An equity settled share-based payment transaction is one in which an entity receives goods or services in
exchange for a right over its equity instruments.

Where the payments involve the granting of share options, IFRS 2 – Share-based Payment – requires that
the payments are measured at the fair value of the options at the grant date. No change is made to this
measurement when the fair value changes after the grant date.

Unless the entity has traded options which have exactly the same terms and conditions as those granted
to employees (unlikely), then fair value is estimated using an option pricing model.

The first step in accounting for such payments is to estimate the total expected cost of the share-based
payment.

This estimate takes account of any conditions attaching to the options vesting (the employees becoming
unconditionally entitled to exercise them) other than market conditions (those based on the future hare
price, which are taken account of in estimating the fair value of the option at the grant date).

The total expected cost is recognized in the financial statements over the vesting period (i.e. the period
from the grant date to the vesting date).

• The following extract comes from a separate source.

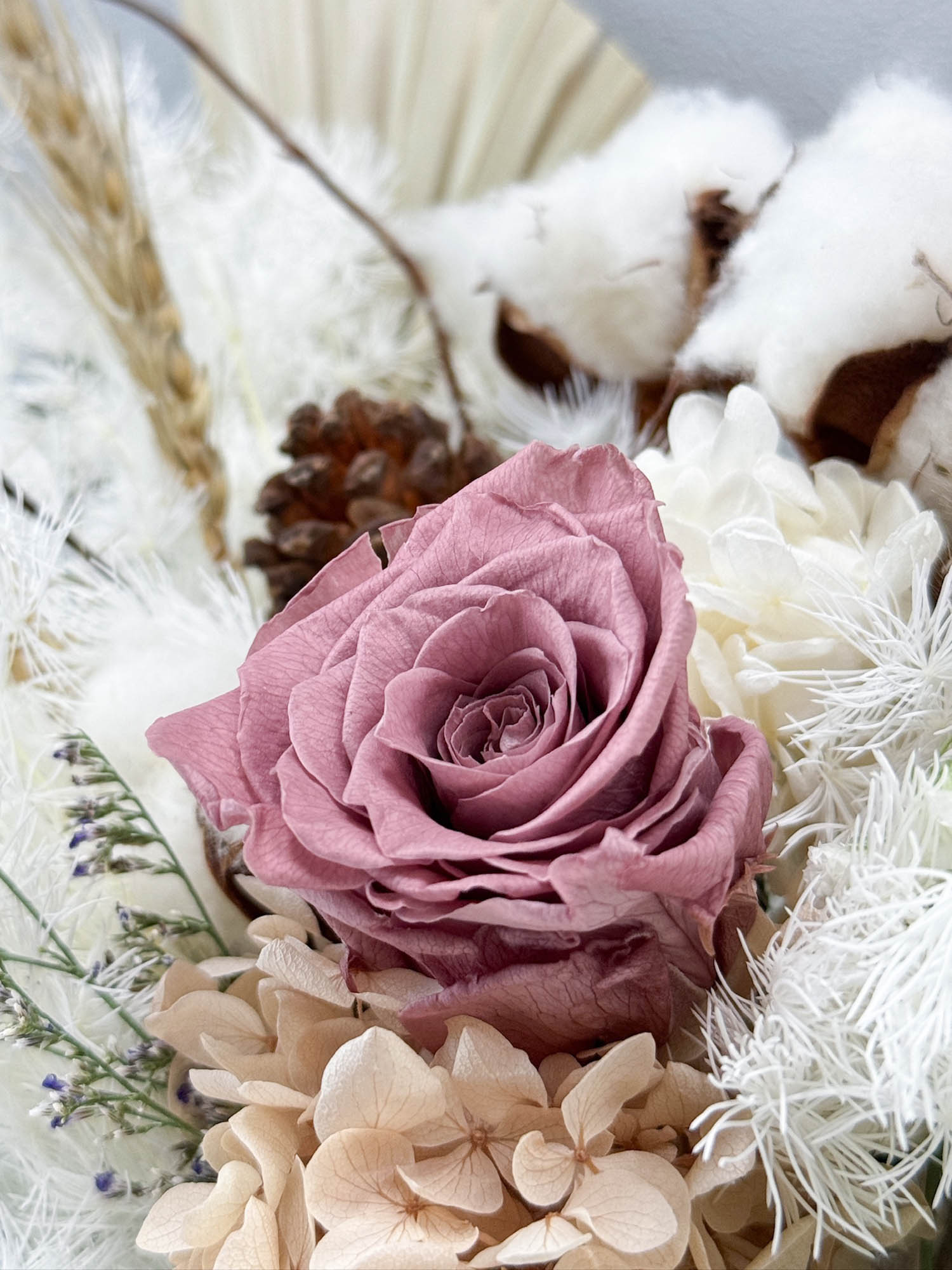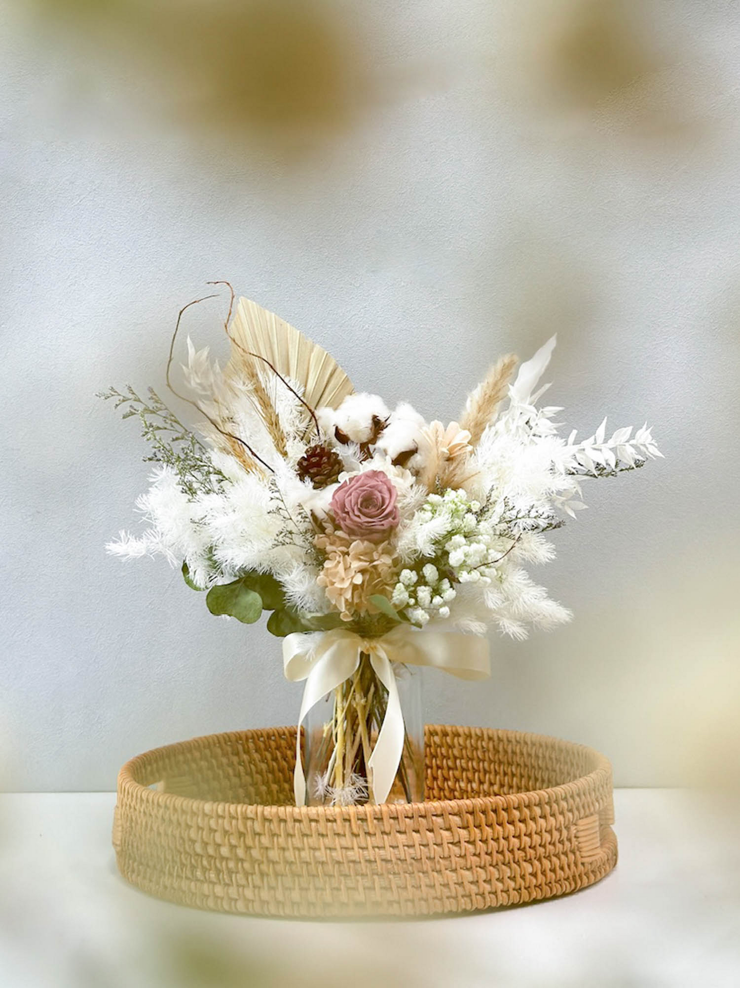 This unique arrangement features a captivating blend of preserved blooms in soft, creamy hues, reminiscent of a delicious cup of milk tea. Delicately arranged within a stylish vase, this creation adds a touch of sweet indulgence and bohemian charm to any space.

In the case of options granted to employees, the debit entry would be recorded as remuneration expense.
Normally this would mean the debit entry being shown in the statement of profit or loss but in theory the
debit entry could be an asset depending on the work of the employee involved.

The credit entry is taken to equity. IFRS 2 is silent as to which component of equity this should be –
normally it would be to an option reserve.

The above treatment is unaffected by whether or not employees subsequently exercise vested options.
If they do, then the entity debits cash and credits equity with the cash proceeds.